(Stored data)
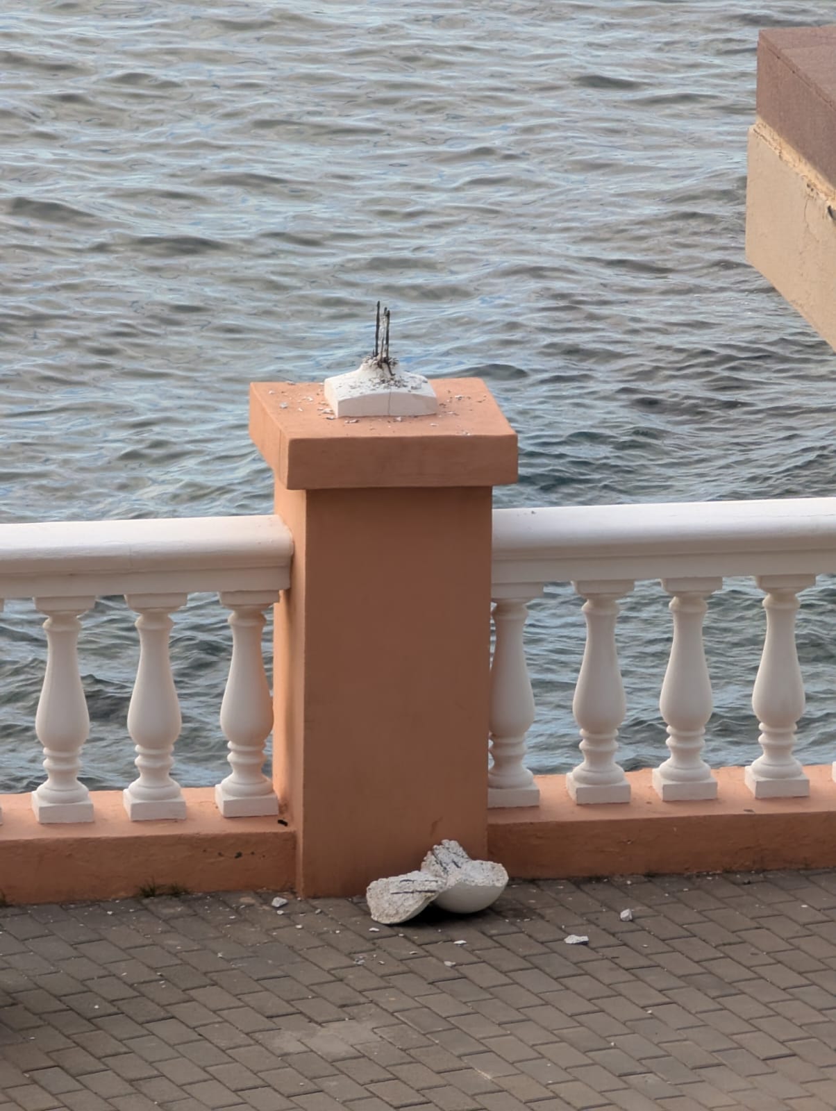 El Ayuntamiento de Telde ha denunciado y lamentado los actos vandálicos registrados en el paseo marítimo, donde varios remates ubicados sobre las pilastras de la barandilla fueron fracturados deliberadamente, dejando al descubierto varillas metálicas y generando una situación de riesgo para las personas que transitan por la zona.
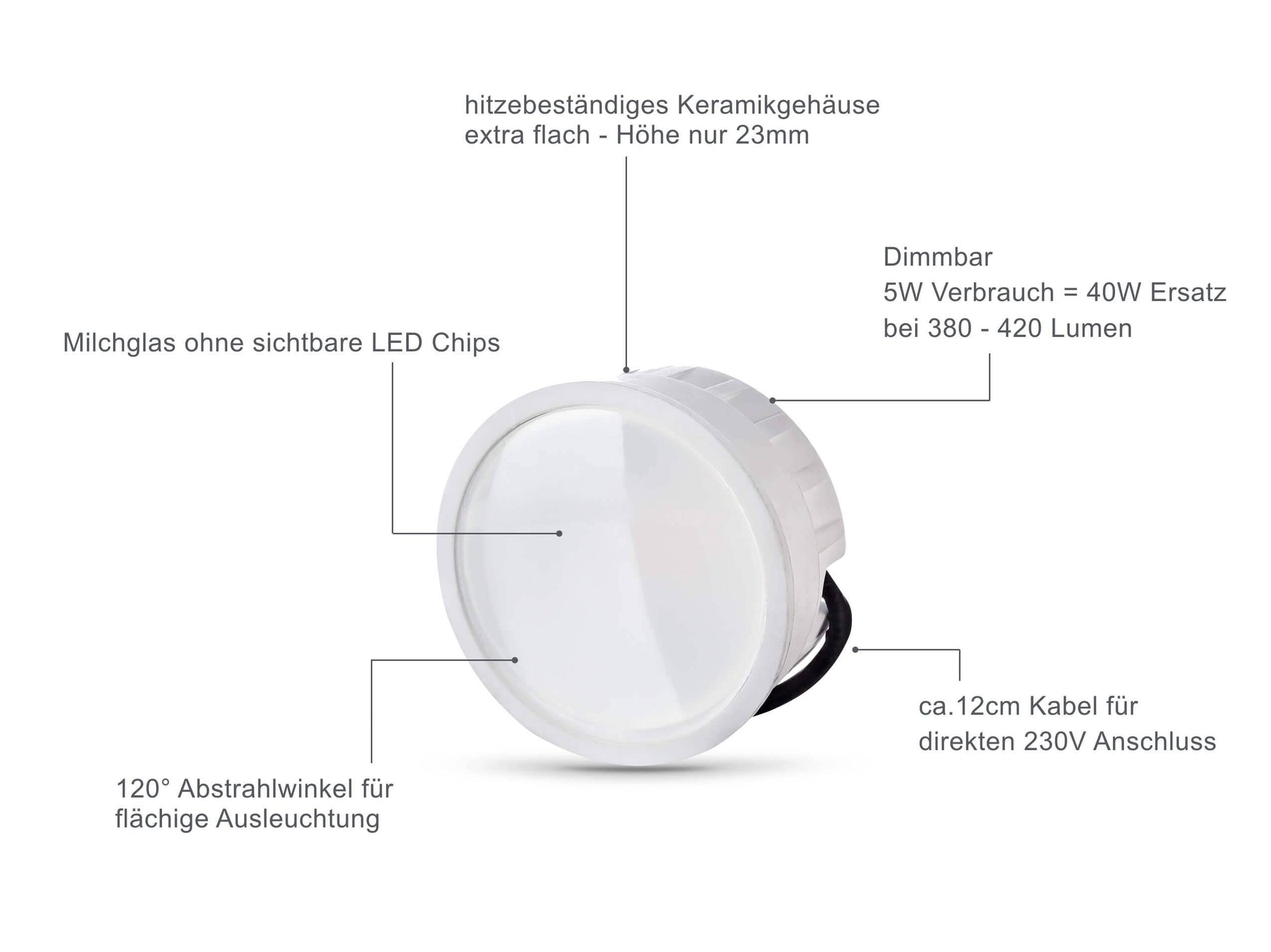 Der effiziente LED Einbaustrahler IP65 ist stromsparend. Schließlich verbraucht das Licht nur 5W. Das ist im Vergleich zu Halogenleuchten sehr gering, denn diese verbrauchen rund 40W. Das Keramikgehäuse des Leuchtmittels bringt ebenso Vorteile mit, denn das hochwertige Gehäuse hält höheren Temperaturen stand als ein klassische LED-Lampen mit Kunststoffgehäuse. Daher ist der Einbaustrahler ideal für das Badezimmer.
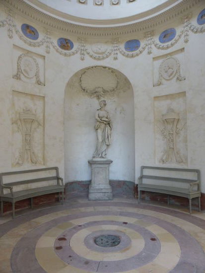 Am nördlichen Ende des Schloßparks - hier ist auch ein Eingang - befindet sich ein römisches Wasserkastell und der Tempel der Waldbotanik.
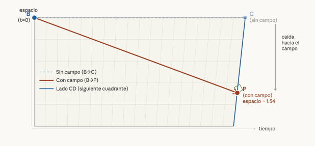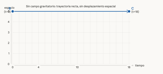 In other words, the object naturally tends to fall. I would like to point out that the fall is not oblique, but perpendicular, because the graph shows displacement in spacetime. What the graph indicates is that at second 1, the object is at point 4.8 (approx.); at second 2, it is at point 4.6… and at second 17, it is at point 1.7 (approx.). That is, the graph represents a fall from a height of 5 meters (for example) to 1.7 meters in 17 seconds. Of course, these figures do not correspond to any real fall on Earth; they are intended to show that the «downward» movement of objects—that is, toward gravitational masses—is an inevitable consequence of two things: first, that objects tend to follow the shortest path in spacetime; and second, that time passes more slowly near gravitational fields.
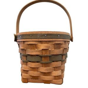 This vintage basket is in good condition. There is one tack missing off of the brass plate on the front (last photo).
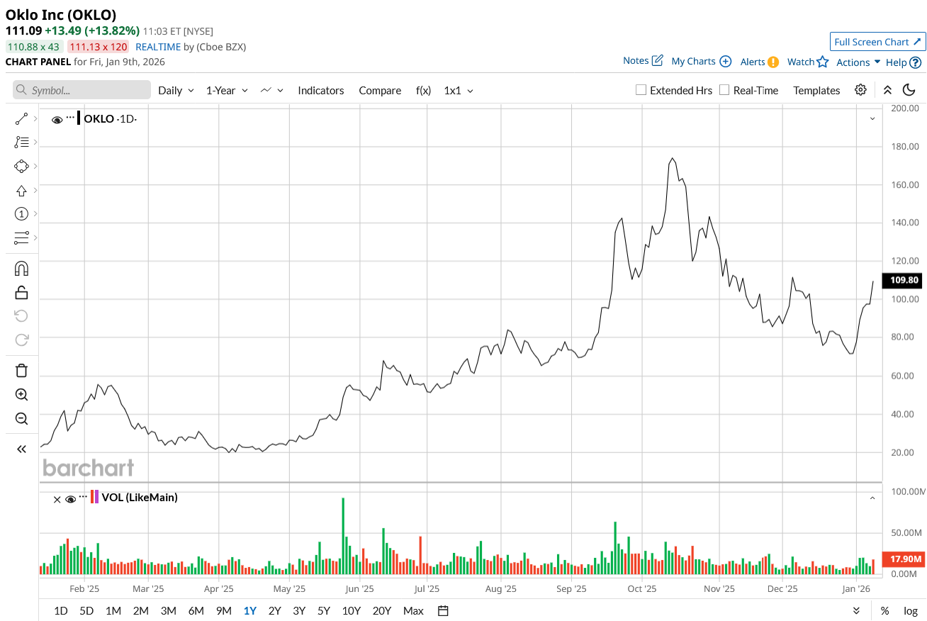 In 2025, Oklo's stock surged 238%, vastly outperforming the S&P 500's ($SPX) 16% gain, though it peaked as high as $193.84 before retreating 47%. So far in 2026, shares are up 56%, compared to the S&P's modest 1% rise.
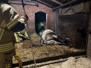 Es handelte sich um ein sehr schweres und sehr großes Pferd. Es war nicht in der Lage, sich selbstständig aus der Zwangslage zu befreien. Zunächst wurde die Einsatzstelle ausgeleuchtet und störende Boxenwände demontiert. Durch das Anlegen von Gurten, konnte das Pferd dann durch die Kraft der Einsatzkräfte, in eine bessere Lage gebracht und anschließend mit Hilfe der Tierärztin wieder aufgerichtet werden.
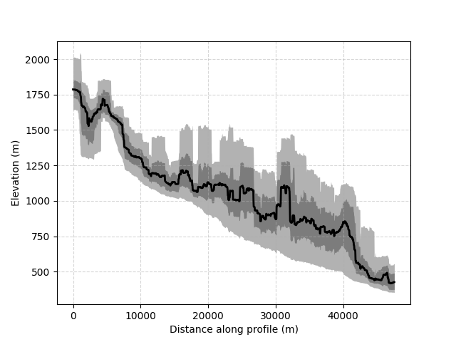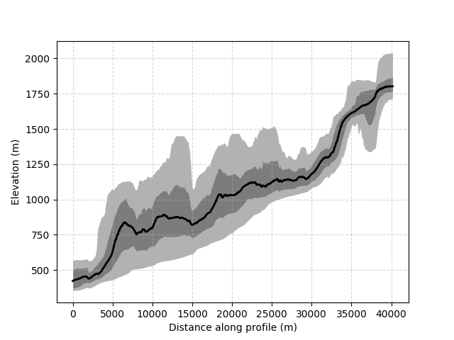 Swath profile allows the analysis of areas neighbouring a baseline. It can be useful for following relief evolution — or any other raster-like metrics in space around a given line.
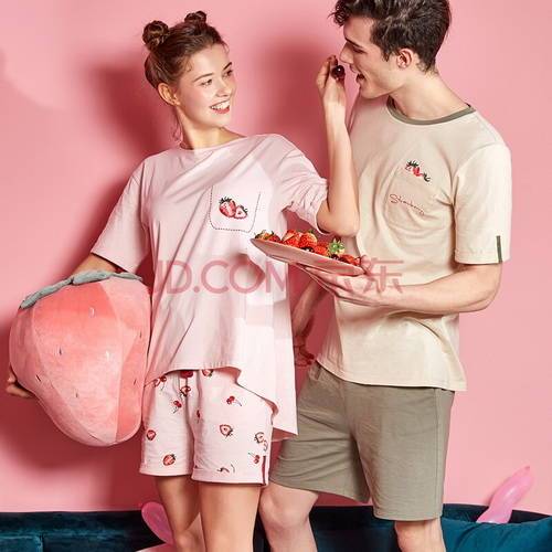 【甜蜜水果系列】大樸草莓情侶短袖睡衣套裝,券后119元包郵2020-06-30
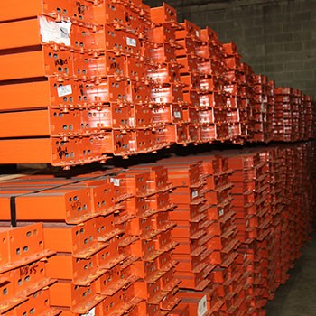 108 x 5 inch used teardrop new style beams for use with new, used, or reconditioned teardrop pallet rack uprights.

> **Instructions for the task**
Write out each entry exactly; any pictures stay out of the copy.

> **Expected answer**
 El Ayuntamiento de Telde ha denunciado y lamentado los actos vandálicos registrados en el paseo marítimo, donde varios remates ubicados sobre las pilastras de la barandilla fueron fracturados deliberadamente, dejando al descubierto varillas metálicas y generando una situación de riesgo para las personas que transitan por la zona.
 Der effiziente LED Einbaustrahler IP65 ist stromsparend. Schließlich verbraucht das Licht nur 5W. Das ist im Vergleich zu Halogenleuchten sehr gering, denn diese verbrauchen rund 40W. Das Keramikgehäuse des Leuchtmittels bringt ebenso Vorteile mit, denn das hochwertige Gehäuse hält höheren Temperaturen stand als ein klassische LED-Lampen mit Kunststoffgehäuse. Daher ist der Einbaustrahler ideal für das Badezimmer.
 Am nördlichen Ende des Schloßparks - hier ist auch ein Eingang - befindet sich ein römisches Wasserkastell und der Tempel der Waldbotanik.
 In other words, the object naturally tends to fall. I would like to point out that the fall is not oblique, but perpendicular, because the graph shows displacement in spacetime. What the graph indicates is that at second 1, the object is at point 4.8 (approx.); at second 2, it is at point 4.6… and at second 17, it is at point 1.7 (approx.). That is, the graph represents a fall from a height of 5 meters (for example) to 1.7 meters in 17 seconds. Of course, these figures do not correspond to any real fall on Earth; they are intended to show that the «downward» movement of objects—that is, toward gravitational masses—is an inevitable consequence of two things: first, that objects tend to follow the shortest path in spacetime; and second, that time passes more slowly near gravitational fields.
 This vintage basket is in good condition. There is one tack missing off of the brass plate on the front (last photo).
 In 2025, Oklo's stock surged 238%, vastly outperforming the S&P 500's ($SPX) 16% gain, though it peaked as high as $193.84 before retreating 47%. So far in 2026, shares are up 56%, compared to the S&P's modest 1% rise.
 Es handelte sich um ein sehr schweres und sehr großes Pferd. Es war nicht in der Lage, sich selbstständig aus der Zwangslage zu befreien. Zunächst wurde die Einsatzstelle ausgeleuchtet und störende Boxenwände demontiert. Durch das Anlegen von Gurten, konnte das Pferd dann durch die Kraft der Einsatzkräfte, in eine bessere Lage gebracht und anschließend mit Hilfe der Tierärztin wieder aufgerichtet werden.
 Swath profile allows the analysis of areas neighbouring a baseline. It can be useful for following relief evolution — or any other raster-like metrics in space around a given line.
 【甜蜜水果系列】大樸草莓情侶短袖睡衣套裝,券后119元包郵2020-06-30
 108 x 5 inch used teardrop new style beams for use with new, used, or reconditioned teardrop pallet rack uprights.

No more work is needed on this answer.